Noob having problems with standard form

Hi all :)

The below equation is a quadric. What is it in standard form?

5x^2 + 3y^2 + 3z^2 - 2xy + 2yz - 2xz - 10x + 6y - 2z - 9 = 0

Ok so in my book I understand the majority of how to do it.
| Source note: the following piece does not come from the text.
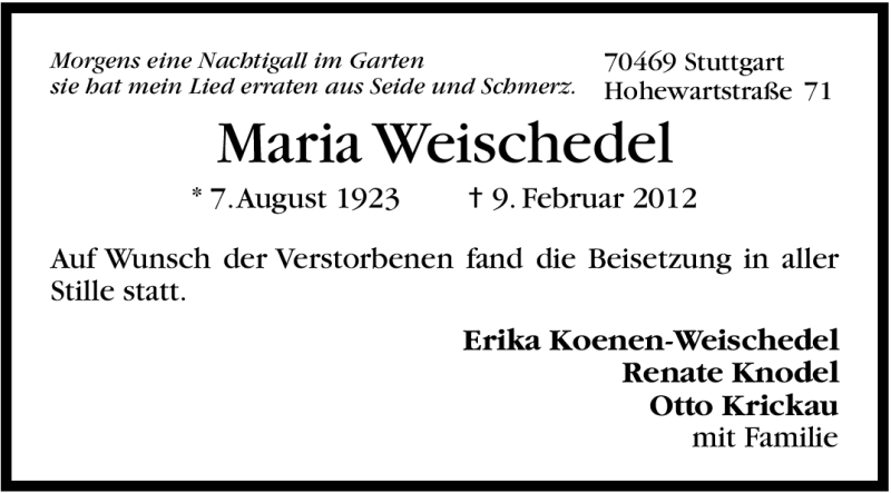 Hier finden Sie alle Traueranzeigen aus der Zeitung, die bisher für Maria Weischedel erschienen sind. Weitere Traueranzeigen, die in der Zeitung erscheinen, werden hier ebenfalls aufgelistet

I get to simplifying the 'completing the square part' and this leaves

6(x'')^2 + 3(y'')^2 + 2(z'') - 18 = 0

This next part is the bit I do not understand what is going on.

The book says

"the equation of the quadric in standard form is:

(((x'')^2)/3) + (((y'')^2)/6) + (((z'')^2)/9) = 1

this is the equation of an ellipsoid"

Could some explain the rule how it goes from

6(x'')^2 + 3(y'')^2 + 2(z'') - 18 = 0

to get

(((x'')^2)/3) + (((y'')^2)/6) + (((z'')^2)/9) = 1

Re: Noob having problems with standard form

Hi kirstyaa9! :)

6(x'')^2 + 3(y'')^2 + 2(z'') - 18 = 0

Divide by 18:

(6/18)(x'')^2 + (3/18)(y'')^2 + (2/18)(z'') - (18/18) = 0

Rewrite:

(((x'')^2)/3) + (((y'')^2)/6) + (((z'')^2)/9) - 1 = 0

(((x'')^2)/3) + (((y'')^2)/6) + (((z'')^2)/9) = 1

Re: Noob having problems with standard form

Quote:

Originally Posted by

**ILikeSerena** Hi kirstyaa9! :)

6(x'')^2 + 3(y'')^2 + 2(z'') - 18 = 0

Divide by 18:

(6/18)(x'')^2 + (3/18)(y'')^2 + (2/18)(z'') - (18/18) = 0

Rewrite:

(((x'')^2)/3) + (((y'')^2)/6) + (((z'')^2)/9) - 1 = 0

(((x'')^2)/3) + (((y'')^2)/6) + (((z'')^2)/9) = 1

Thanks, didn't think it was that simple :).